Marathon Day Checklist


In General

* Drink four to six ounces of water every hour.
* Mentally rehearse the marathon: feeling good, overcoming challenges, recovering.
* Eat small carbohydrate snacks constantly.
* Relax with friends or family.

The Night Before

* Drink four to six ounces of water every hour.
* Eat light carbohydrate snacks like energy bars.
* Relax, laugh, enjoy the moment.
* Go over the procedure, route, etc. for getting to the start.
* Do a very relaxed mental rehearsal of the marathon, concentrating on the positive.
* Pack your bag.

Your Marathon Bag Should Contain

* Race number, pins and chip
* Race instructions, map, etc.
* A copy of your magic marathon words (“I’m having fun”, “My legs are strong”, “One more step”)
* Prepare to bring a controversial issue, at least one interesting story and at least one joke
* Shoes, socks, shirt, shorts
* Other clothes if it’s cold: tights, polypro top, long-sleeved T, gloves, hat, ear covering, etc.
* Water (about 32-64 ounces)
* Bandages, Vaseline, etc.
* $20-30 for reserve funds (cab or rapid transit tokens, etc.)
* Energy bars or your chosen carbohydrate source (enough for start, second half, and after)
* Fanny pack or plastic bags, pins
* Some extra “throwaway” shirts and/or pants as extra layers in case the staging area is cold
* Garbage bags as an inexpensive waterproof top and ground cover

Marathon Morning List

* Drink four to six ounces of water every 30 minutes until you hear “sloshing.”
* Eat – according to the schedule which has worked for you in the long runs (example: one energy bar with eight ounces of water, one to two hours before the start).
* Bring your bag, car keys, etc.
* Leave at least 30 minutes before you think you’ll need to leave . . . in case of traffic, etc.
* If you have several hours at race site before start, stay warm, get off your feet and relax.
* Sixty minutes before the start, walk around the staging area to mentally rehearse lining up.
* Thirty minutes before the start, walk around for 15 minutes to get the legs moving.
* Jog for three to five minutes (very slowly) just before lining up.
* Keep the legs moving, in place if necessary, as you stand waiting for the start.
* If going for a time goal, get to the starting area early enough to secure a good place.
* Most of us with the goal “to finish” should line up in the back of the crowd.
* Joke around; enjoy the energy and personalities of the folks nearby.
* Go out slowly.

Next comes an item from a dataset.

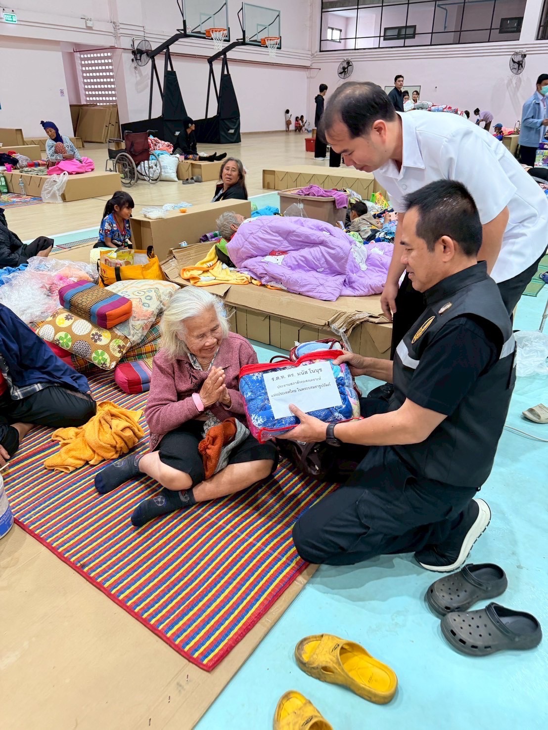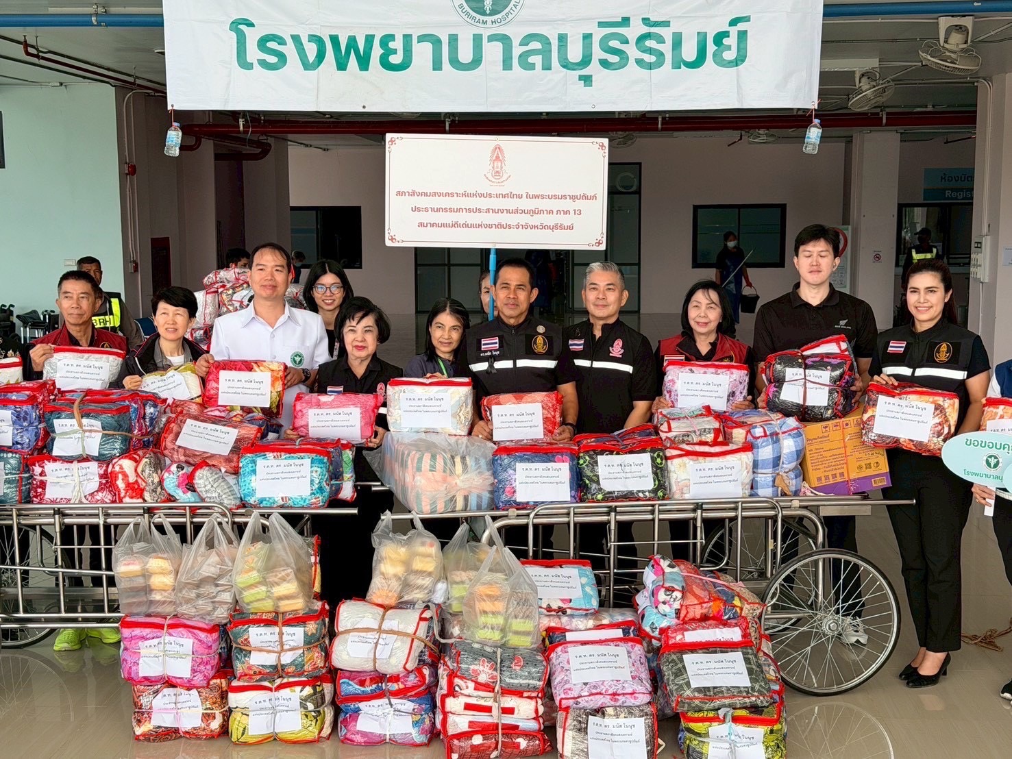 คณะฯ ได้ลงพื้นที่มอบสิ่งของและกำลังใจ ณ องค์การบริหารส่วนตำบลบ้านยาง และโรงพยาบาลบุรีรัมย์ โดยได้ส่งมอบสิ่งของจำเป็นและเงินช่วยเหลือหลายด้าน ได้แก่ ถุงยังชีพสำหรับเป็นกำลังใจและช่วยเหลือการดำรงชีวิตประจำวัน ผ้าห่มและผ้าเช็ดตัวเพื่อให้การดูแลผู้ประสบภัยหรือผู้ที่ต้องการความช่วยเหลือ ตลอดจนเงินช่วยเหลือสำหรับประชาชนที่พักอาศัยอยู่ในศูนย์พักพิงของ อบต.บ้านยาง รวมถึงเงินสนับสนุนการดำเนินงานของโรงพยาบาลบุรีรัมย์ เพื่อเสริมประสิทธิภาพในการดูแลประชาชนในพื้นที่อย่างทั่วถึงและต่อเนื่อง

If it’s hot, go out even slower!
* Get over to the side of the road and take every walk break, from the beginning.
* If you feel warm, pour water over your head at each water stop.
* Each walk break gives you a chance to appreciate and enjoy every mile.
* When tired shorten your stride.
* Don’t stretch during the run or immediately afterward.
* You may cut out the walk breaks after mile 18 if you’re feeling good.

Immediately Afterward

* Grab water and carbohydrate food(s).
* Walk, eat and drink for at least a mile.

Recovery

* If possible, immerse your legs in a cold bath as soon after the finish as possible.
* Walk for 30 to 60 minutes later in the day.
* Eat carbohydrate snacks continuously for the rest of the day.
* Drink four to six ounces of water or electrolyte fluid (at least) every hour.
* Walk for 30 to 60 minutes the next day.
* Run/walk for 30 to 45 minutes two days after the marathon.
* Continue to alternate: walk 30 to 60 minutes and run/walk 30 to 45 minutes.
* Wait at least a week before you 1) schedule your next race and 2) vow never to do another marathon.